* _Task to carry out_: Print every line of the material below exactly as it stands, but omit the pictures.

::: Exercise data :::

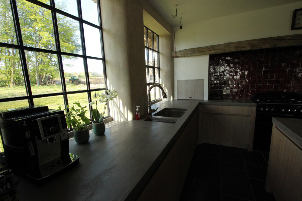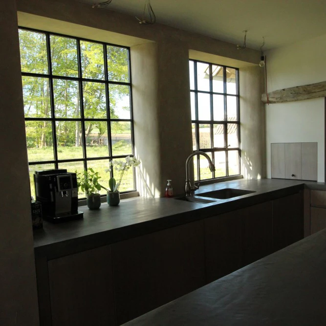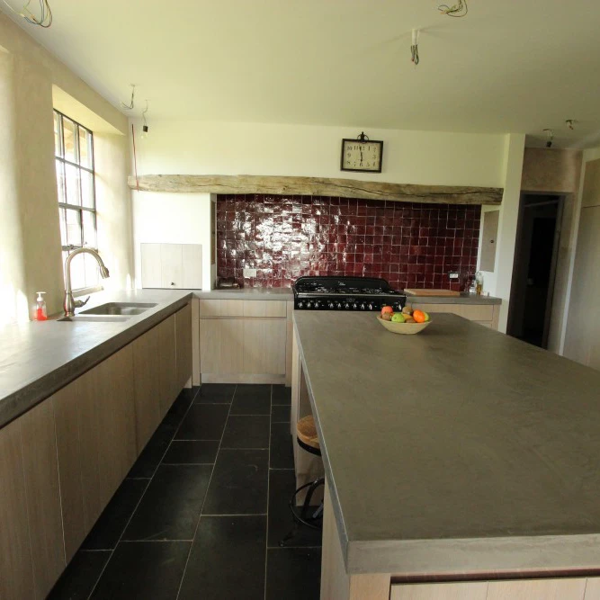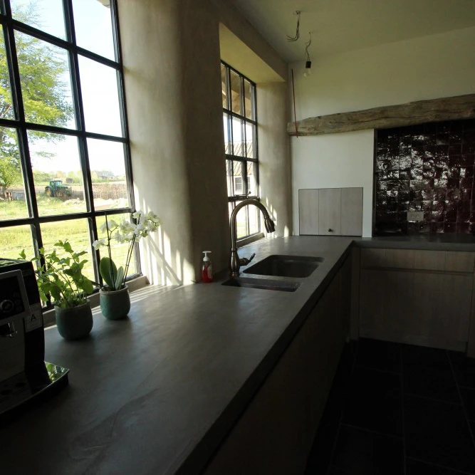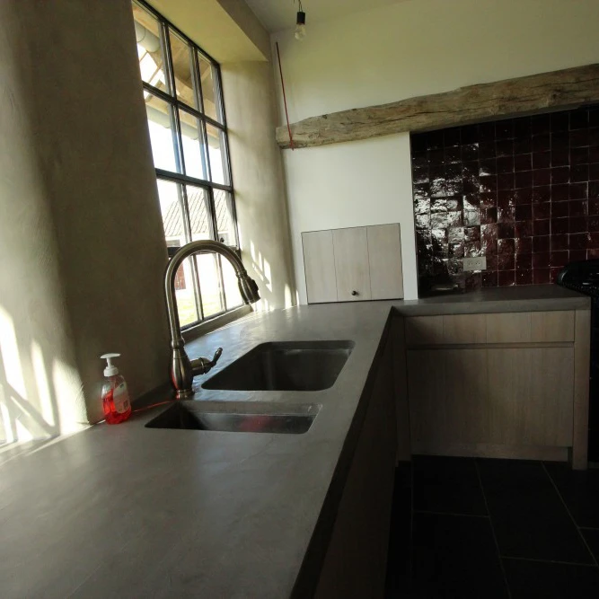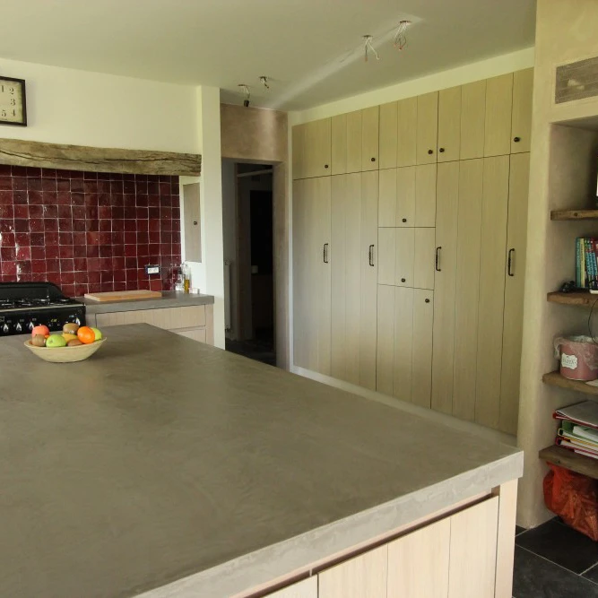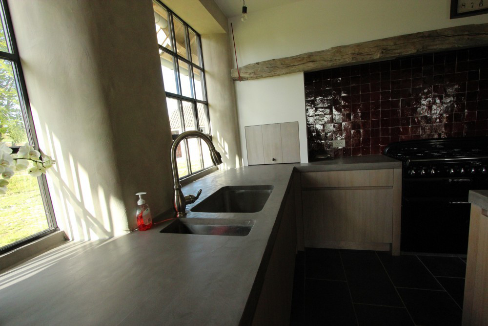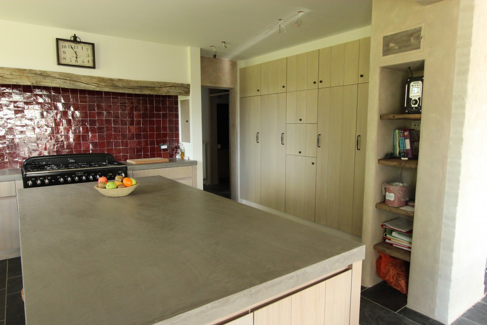 In deze landelijke keuken werden zowel werkblad als spatwand afgewerkt met Mortex in een warme kleur.De douche en badomkasting werden tevens uitgewerkt in Mortex.
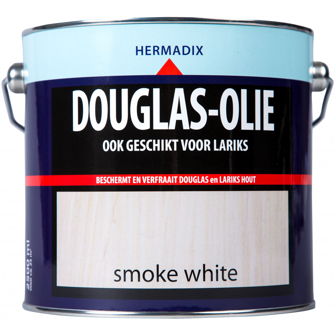 Hermadix Douglas olie smoke white is speciaal ontwikkeld voor nieuw en oud douglas/lariks hout. Douglas olie geeft een transparante uitstraling zodat de houtnerf en houtstructuur zichtbaar blijven. Douglas olie dringt diep in het hout en geeft een matte, natuurlijke uitstraling. Douglas olie droogt snel en is makkelijk verwerkbaar. 1-2 lagen douglas olie zijn voldoende voor een prachtig resultaat. Bij onderhoudslagen lichtjes tussendoor schuren. Douglas olie is een watergedragen, mens- en milieuvriendelijk olie op basis van natuurlijke ingrediënten.
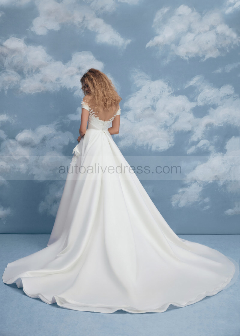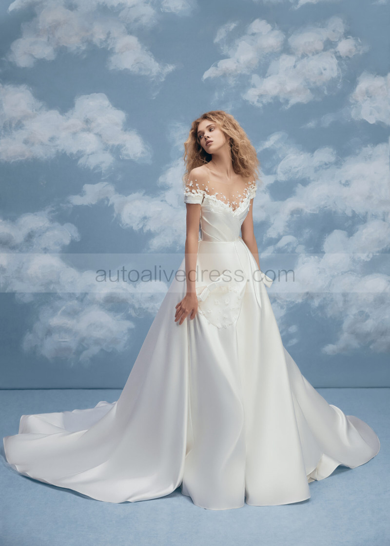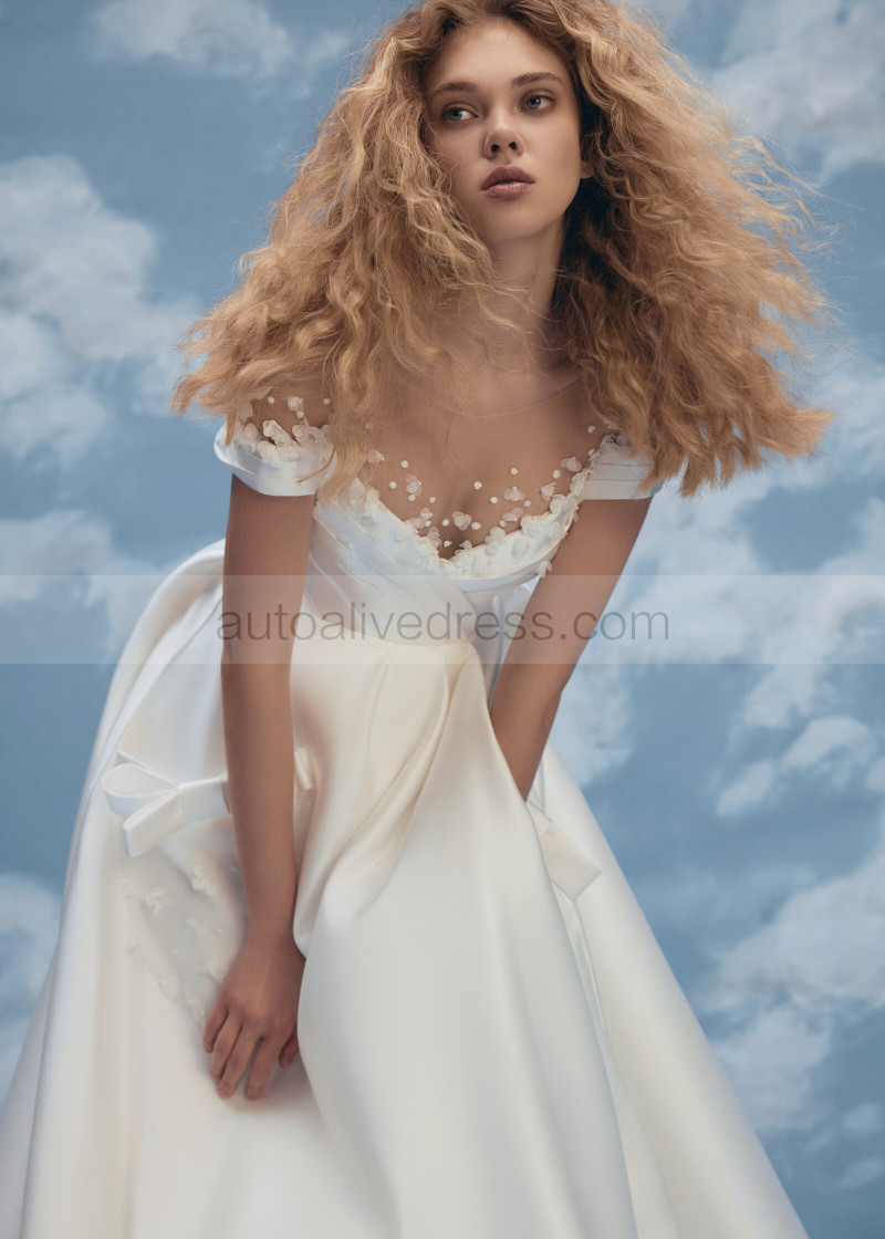 Short Sleeves Ivory 3D Flowers Satin Gorgeous Wedding Dress
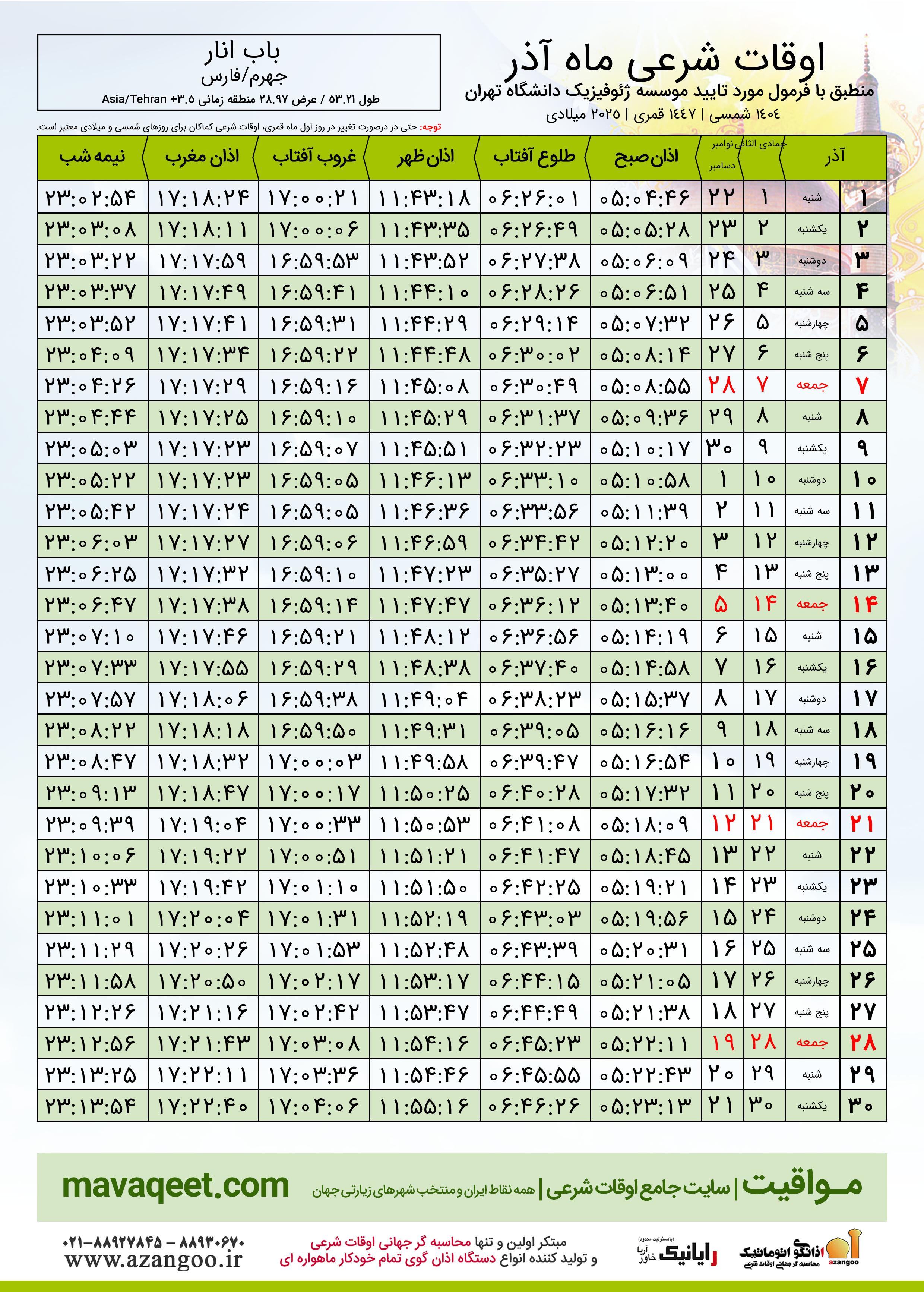 اوقات شرعی آذر ١٤٠٤ شمسی شهر باب انار

:::

* _Response to the exercise_:
 In deze landelijke keuken werden zowel werkblad als spatwand afgewerkt met Mortex in een warme kleur.De douche en badomkasting werden tevens uitgewerkt in Mortex.
 Hermadix Douglas olie smoke white is speciaal ontwikkeld voor nieuw en oud douglas/lariks hout. Douglas olie geeft een transparante uitstraling zodat de houtnerf en houtstructuur zichtbaar blijven. Douglas olie dringt diep in het hout en geeft een matte, natuurlijke uitstraling. Douglas olie droogt snel en is makkelijk verwerkbaar. 1-2 lagen douglas olie zijn voldoende voor een prachtig resultaat. Bij onderhoudslagen lichtjes tussendoor schuren. Douglas olie is een watergedragen, mens- en milieuvriendelijk olie op basis van natuurlijke ingrediënten.
 Short Sleeves Ivory 3D Flowers Satin Gorgeous Wedding Dress
 اوقات شرعی آذر ١٤٠٤ شمسی شهر باب انار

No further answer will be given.